Friday, May 27, 2016

Repúdio é da maioria


Pedro J. Bondaczuk


O episódio da liberação do excesso de bagagem da delegação brasileira, que voltou dos Estados Unidos trazendo o tetra, na Alfândega do Aeroporto Internacional do Rio, sem o pagamento dos impostos devidos, embora tenha em si um fato negativo, apresenta, também, um lado bom.

As reações, por parte de vários setores da sociedade, de repúdio a essa atitude e de aplausos à coragem e ao brio do secretário da Receita Federal, Osíris Lopes Filho, são fatos que não se pode desprezar. Na sexta-feira, o "DataFolha" divulgou uma pesquisa dando conta de que em torno de 79% dos paulistanos condenaram a isenção de tributos aos jogadores, responsável por um prejuízo de US$ 1 milhão aos cofres públicos.

Esse fato mostra que os tempos mudaram e que o brasileiro sabe distinguir muito bem as coisas. Acertaram os analistas que previram que, desta vez, ao contrário do que aconteceu em Copas anteriores, a população, em sua grande maioria, não se deixaria levar pela euforia para ser manipulada de novo pelos políticos e por demagogos.

Tudo bem, o Brasil conquistou o tetracampeonato, tão sonhado e ambicionado. Mas esse feito não coloca seus autores acima da lei. Até porque, não foi apenas o futebol que se encheu de glórias. O saudoso piloto de Fórmula 1, Ayrton Senna, conquistou três campeonatos, mas nunca se soube que tenha tentado entrar com contrabando no País. E muito menos que haja feito chantagem, para que as autoridades fizessem vistas grossas a este tipo de irregularidade ou a outro qualquer.

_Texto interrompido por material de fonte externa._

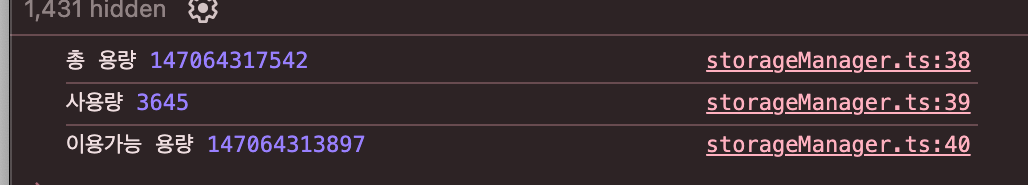 if (quota.usageDetails?.indexedDB !== undefined) { console.log('IndexedDB 사용 공간 (Bytes):', quota.usageDetails.indexedDB); }그럼 이제 스토리지 용량을 가져오는 함수를 estimate를 활용하여 구현
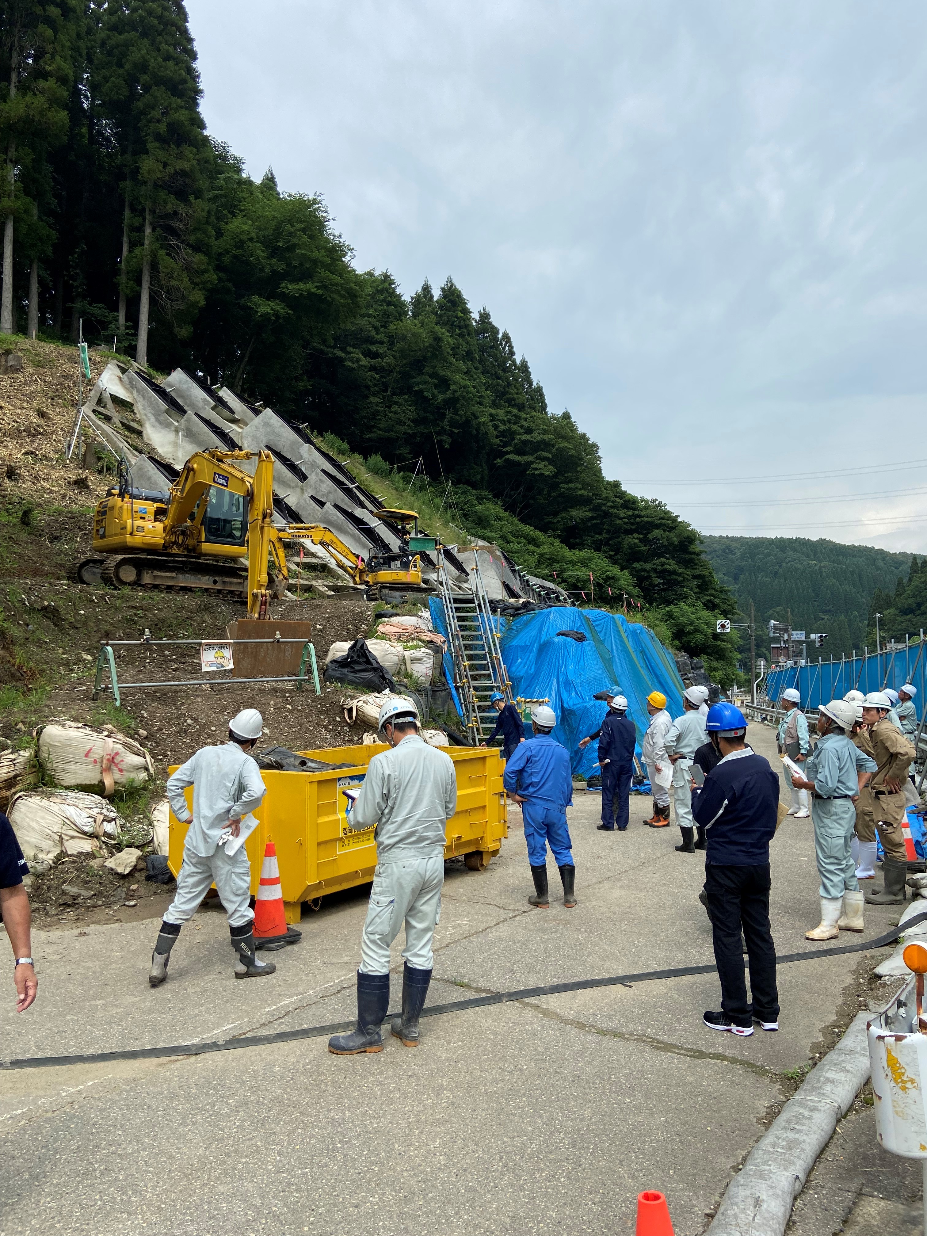大型土のうの撤去作業が予定されていたが、上下作業の防止、熱中症対策、階段手摺の状況などについて確認・指導した。
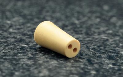 Rubber Stoppers, Two-Hole^ High Resiliency, Pure Gum. Less Free Sulfur (1/4%) And Lower Density Than Standard Black Rubber Stoppers. Holes Facilitate Laboratory Usage. Size: 5. Diameter Of Top: 27Mm. Bottom: 23Mm. Hole Diameter: 5Mm.
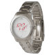 Silver tone women's bracelet watch features a petite Silver-Grey coloured crown at 12:00, a White face with Silver-Grey time markings and your three personalised monograms shown in fancy script in Red. Has a preformatted line beneath the monograms reading "Families Are Forever" with a date beneath waiting for your personalisation. Customise this watch further and choose a different style, colours etc.
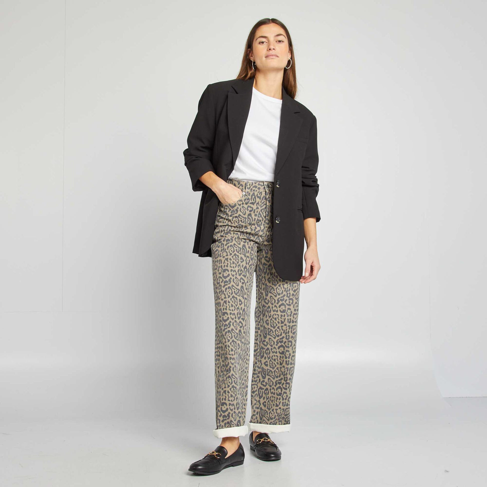 Osez l'imprimé sauvage ! Ce jean léopard audacieux apporte une touche de glamour et de rebelle à votre look, pour un style unique et irrésistible. - Jean imprimé léopard - Ouverture zippée et boutonnée - Passants pour ceinture - 5 poches - Coupe droite (straight) - Longueur entrejambe : 78 cm - Largeur bas de jambe : 23 cm - Notre mannequin porte une taille 36 et mesure 1m75
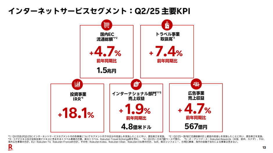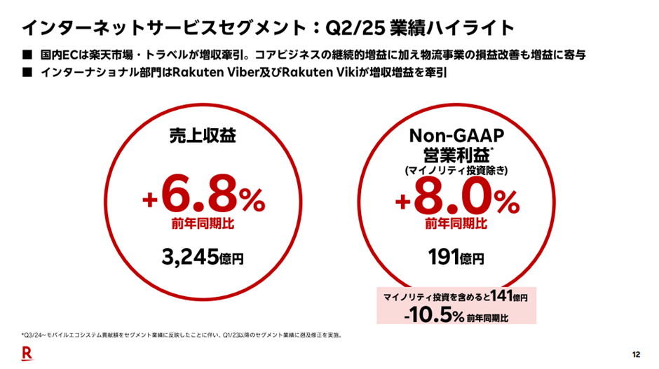 楽天グループにおいて重要な収益源であるインターネットサービスセグメント(楽天市場、トラベル、ファッションなど)は、今回の決算でも安定した成長を見せました。

O mesmo vale para Nelson Piquet e Emerson Fittipaldi, no automobilismo, ou para a seleção de vôlei masculino, medalha de ouro nas Olimpíadas e campeã da Liga Mundial, ou para o basquete feminino, que antes da Copa dos Estados Unidos havia obtido, brilhantemente, um título inédito e heróico na Austrália.

Em situações como esta, é preciso "dar nome aos bois", como diz o povo. Osíris, em entrevista dada na sexta-feira (22 de julho de 1994), responsabilizou diretamente o presidente da Confederação Brasileira de Futebol, Ricardo Teixeira, pelo desembaraço ilegal da bagagem.

Péssimo exemplo para quem aspira à presidência da Fifa, em 1998, em substituição ao sogro. O ex-secretário garante que "os jogadores foram usados pelos cartolas para fazer entrar no Brasil produtos importados sem passar pela Alfândega".

Até concordamos que tenha ocorrido isso. Mas faltou personalidade ao grupo. Não foram eles que disseram, ainda em Los Angeles, que as autoridades não deveriam usar essa conquista para camuflar os problemas brasileiros, como a fome, a violência e o desemprego?

Faltou um líder entre os craques que tomasse a frente dos demais e desse o exemplo, pagando o imposto devido. Osíris ressaltou que, como todo brasileiro, estava feliz com o tetra. Mas que a mesma lei, que valia para os "mortais comuns", foi feita para os "deuses" (mesmo que com pés de barro, acrescentaríamos).

O excesso de bagagem deveria pertencer, mesmo, à comitiva, pois como argumentou o secretário, "a maioria dos jogadores mora no Exterior e não teria necessidade de fazer compras". Será que nos países onde jogam conseguiriam essa liberação "por baixo do pano"? Afinal, alguns deles são campeões nacionais pelos clubes que defendem. Por que haveria o Brasil de permitir?

(Artigo publicado na página 2, Opinião, do Correio Popular, em 25 de julho de 1994).